(Items from a data source)
--- START ---

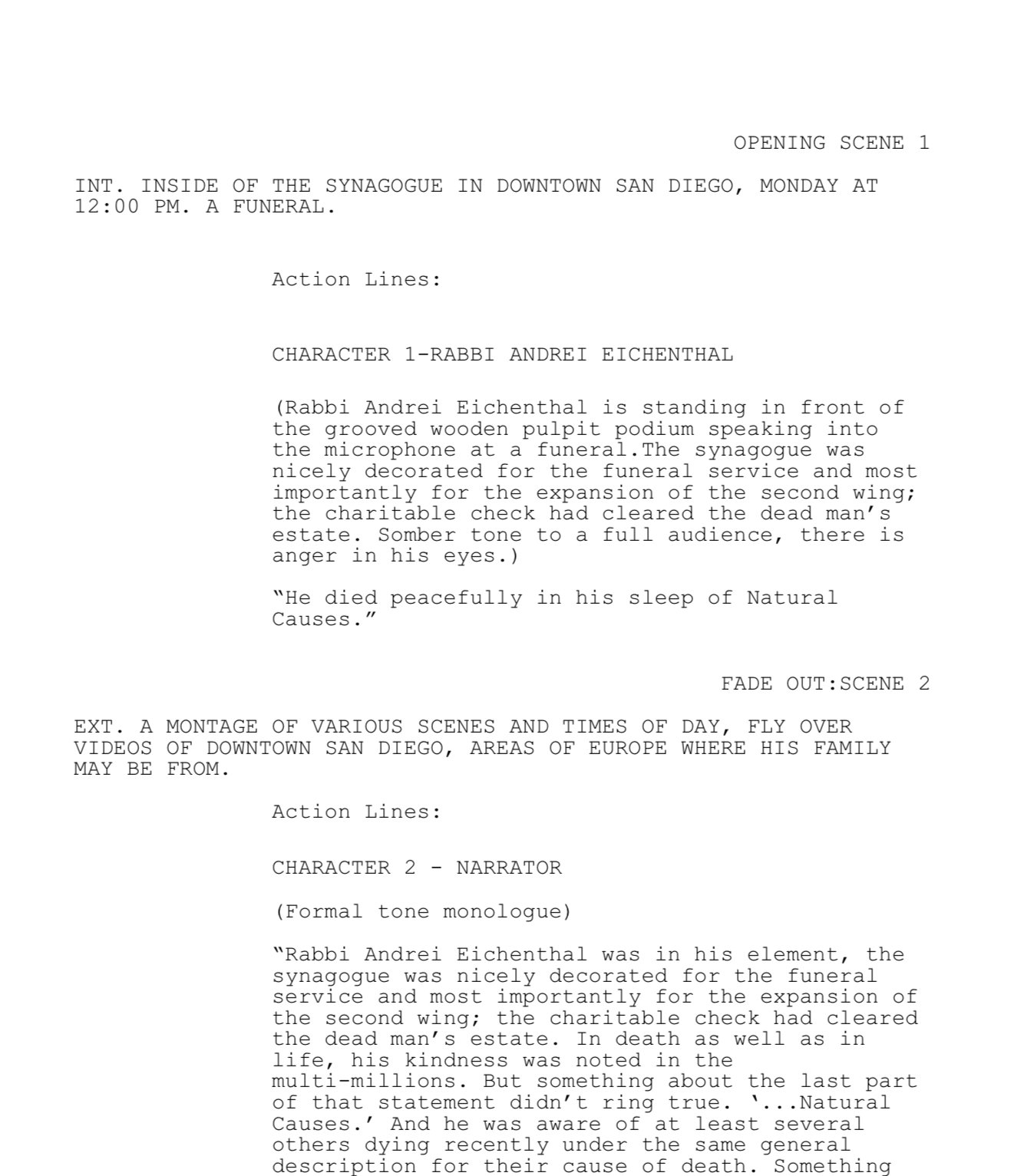 Screenplay,Movie Script,Play- Natural Causes Part 1 (Rabbi,the Hospice Nurse,& Lil Abe)
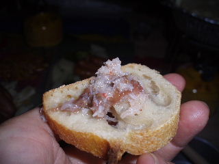 | フランスパンはげんさんがお持ちでした(^^ゞ 高級感たっぷりのカナッペ(で良いですか?(^^ゞ) 酒のつまみに最高ですよん♪思わずプレモル2缶いっちゃいました(あぁ、明日の分が・・・・涙、つうか、2缶持ち上げですか?はい^_^;)・・・重いはずです(~_~;) トシちゃんもいつもより多目に飲みまして、すっかりヨッパー(笑) 話しながらも体がズルズルと横になりたがっています。弱いものでいつもこうなんです、すみませんお行儀悪くて(^^ゞ |
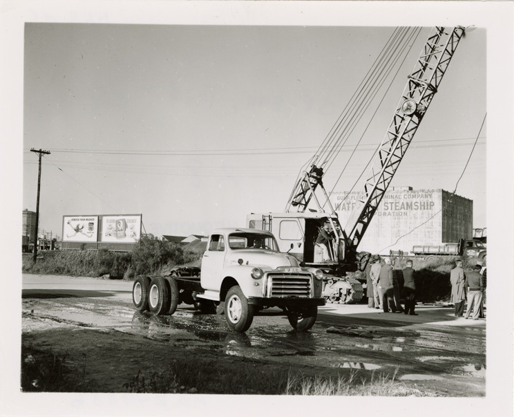 Favorite this☆ 1954 GMC truck on construction site Description: View of a 1954 GMC truck on a construction site. Crane in background. Handwritten on back: "GMC SP-890, 1954." Details Resource ID: na049886 Subject: GMC trucks Cranes, derricks, etc. Photographic prints Date Issued: Unknown year Format: 1 photographic print ; 4 x 5 in. Member of: National Automotive History Collection Filing Location: MS121/VanDegrift, Thomas, 8:5 Rights: Physical rights are retained by DPL. Copyright is retained in accordance with U.S. copyright laws.
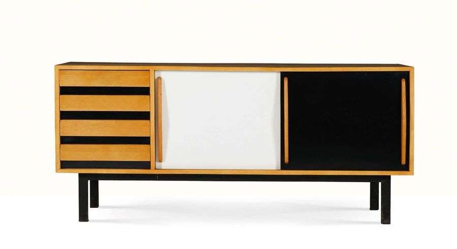 Cabinet from Cité Cansado Ribbon oak, laminate, enameled steel 29.92 x 61.81 x 17.72 in.
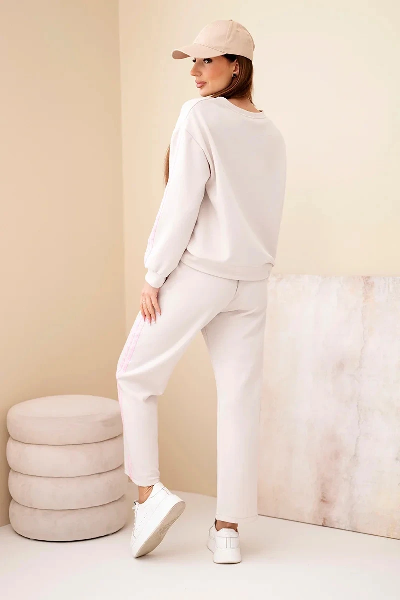 Dámský viskózový komplet v s lampasy béžový model 22011678 - K-Fashion
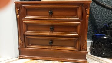 Rumıniya isdesali Klassik üslubda yataq otağı mebeli dəsti deməyə olar işlənmiyib Tərkib: - 2 ədəd tumbə: hər birində yuxarıda kiçik çekmece, aşağıda qapılı bölmə. Dəyirmi metal tutacaqlar, dekorat...
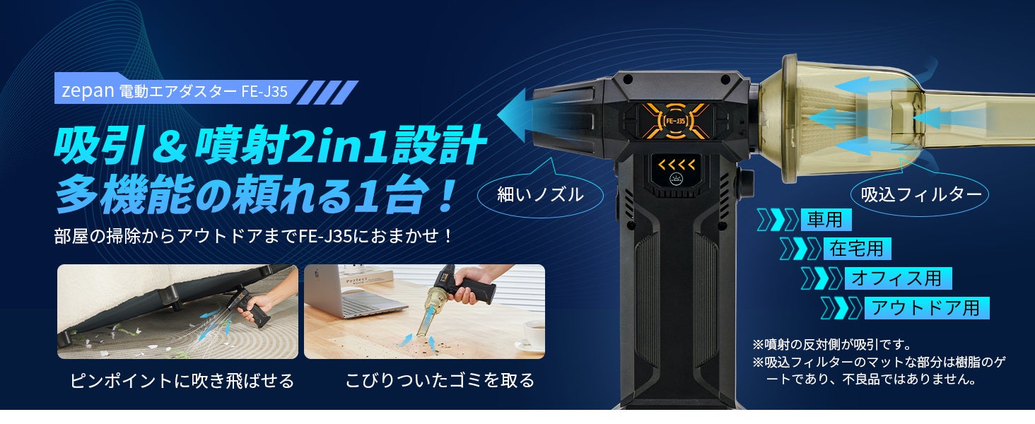 吸引と噴射の2WAY設計で、従来の電動エアダスターより幅広いシーンで活躍します。
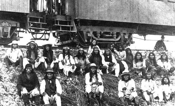 Geronimo (third from the right) and his Apache, during a stop on the Southern Pacific Railway near Nueces River, Texas. 1886.
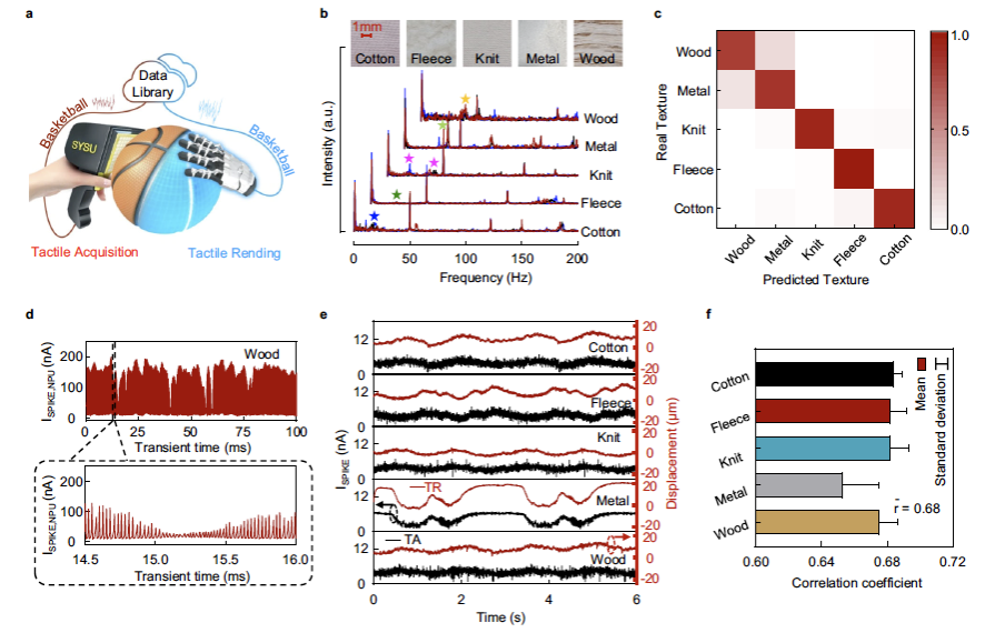 課題組利用制備的10×10神經形態觸覺傳感器陣列捕捉5種不同類型材質表面紋理的神經形態觸覺信息(TA),見圖3。不同類型材質的TA信號頻譜存在不同的特征峰,其采用人工神經網絡(ANN)計算的識別率高達93%,表明神經形態觸覺傳感器陣列可采集高質量材質表面特征信息。將這些觸覺信息編碼產生驅動執行器表面的觸覺渲染信息(TR),嘗試再現皮膚在虛擬空間重現材質表面“真實”的觸覺。該傳感器陣列采集的神經形態觸覺信號(TA)與重現的觸覺渲染信號(TR)相關性高達0.68;而在進一步的物理感知心理學實驗中,超過75%的志愿者表示能夠通過重現的觸覺渲染信息可以感知物體表面的粗糙度,初步證明該觸覺傳感器具備實現觸覺的采集-重現閉環功能的潛力。所提出的神經形態觸覺傳感器,憑借其低成本、低功耗、易于集成和制備等特點,為實現大規模人工觸覺感知系統奠定了堅實的理論和實驗基礎。
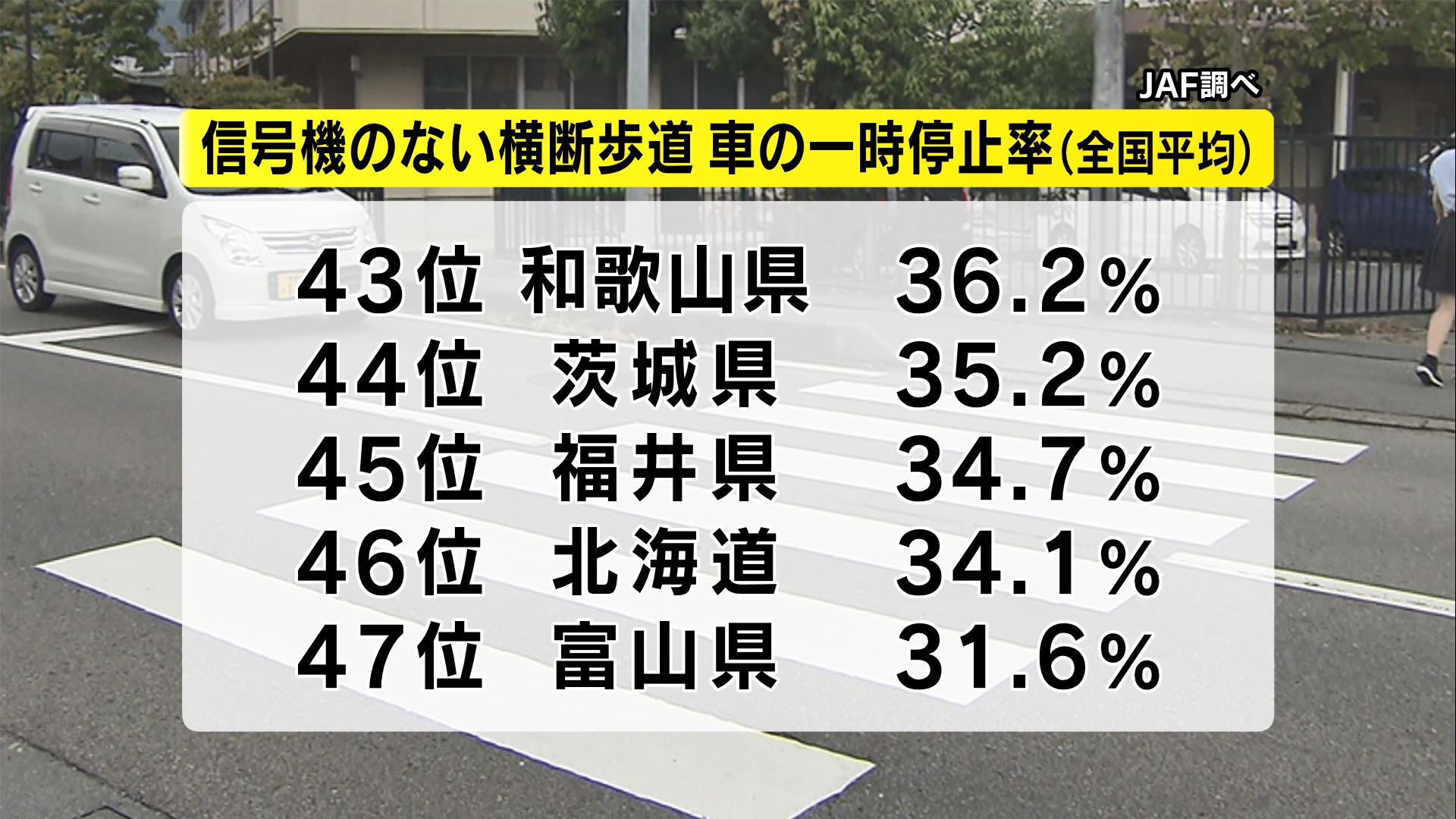 信号機のない横断歩道での車の一時停止率(JAF調べ)
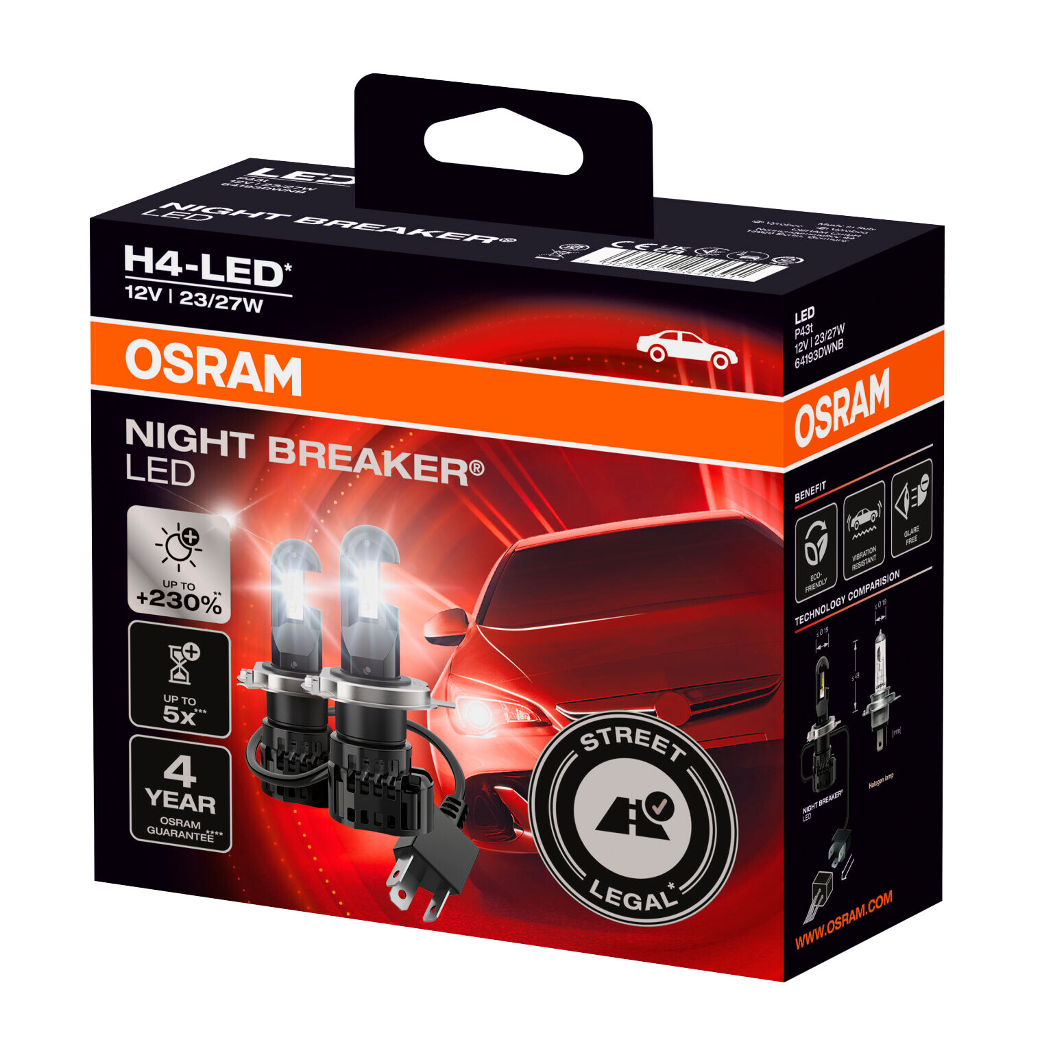 Una brillante rivoluzione nella tecnologia e nel design: la prima lampada LED OSRAM per fari omologata per l’uso su strada è già leader nell’innovazione. Le versioni H1-H4-H7 LED sono state omologate come lampade retrofit per l’installazione nei fari alogeni, in linea con le normative tedesche sulle licenze stradali (StVZO). In aggiunta e sempre in linea con la suddetta normativa, le W5W LED sono state omologate come lampade retrofit per le luci di posizione. OSRAM, il numero uno dell’illuminazione automobilistica, ha ingegnerizzato e sviluppato le NIGHT BREAKER LED e le ha testate in collaborazione con il TÜV-Süd. Approvate dall’Autorità Federale Tedesca per il Trasporto Automobilistico (KBA) per un’ampia gamma di fari e di tipologie di veicoli, con le NIGHT BREAKER LED anche tu potrai sperimentare le prestazioni superiori di una tecnologia di illuminazione all’avanguardia nella tua auto. Per una nuova esperienza di guida, giorno e notte.

--- END ---

◆ **Exercise details**: Copy nothing but the lines above that run from the one with "課題組利用制備的10×10神" to the one with "信号機のない横断歩道での車の一時停止率(JAF調べ)", ends included; pictures stay out.

◆ **Written answer**:
 課題組利用制備的10×10神經形態觸覺傳感器陣列捕捉5種不同類型材質表面紋理的神經形態觸覺信息(TA),見圖3。不同類型材質的TA信號頻譜存在不同的特征峰,其采用人工神經網絡(ANN)計算的識別率高達93%,表明神經形態觸覺傳感器陣列可采集高質量材質表面特征信息。將這些觸覺信息編碼產生驅動執行器表面的觸覺渲染信息(TR),嘗試再現皮膚在虛擬空間重現材質表面“真實”的觸覺。該傳感器陣列采集的神經形態觸覺信號(TA)與重現的觸覺渲染信號(TR)相關性高達0.68;而在進一步的物理感知心理學實驗中,超過75%的志愿者表示能夠通過重現的觸覺渲染信息可以感知物體表面的粗糙度,初步證明該觸覺傳感器具備實現觸覺的采集-重現閉環功能的潛力。所提出的神經形態觸覺傳感器,憑借其低成本、低功耗、易于集成和制備等特點,為實現大規模人工觸覺感知系統奠定了堅實的理論和實驗基礎。
 信号機のない横断歩道での車の一時停止率(JAF調べ)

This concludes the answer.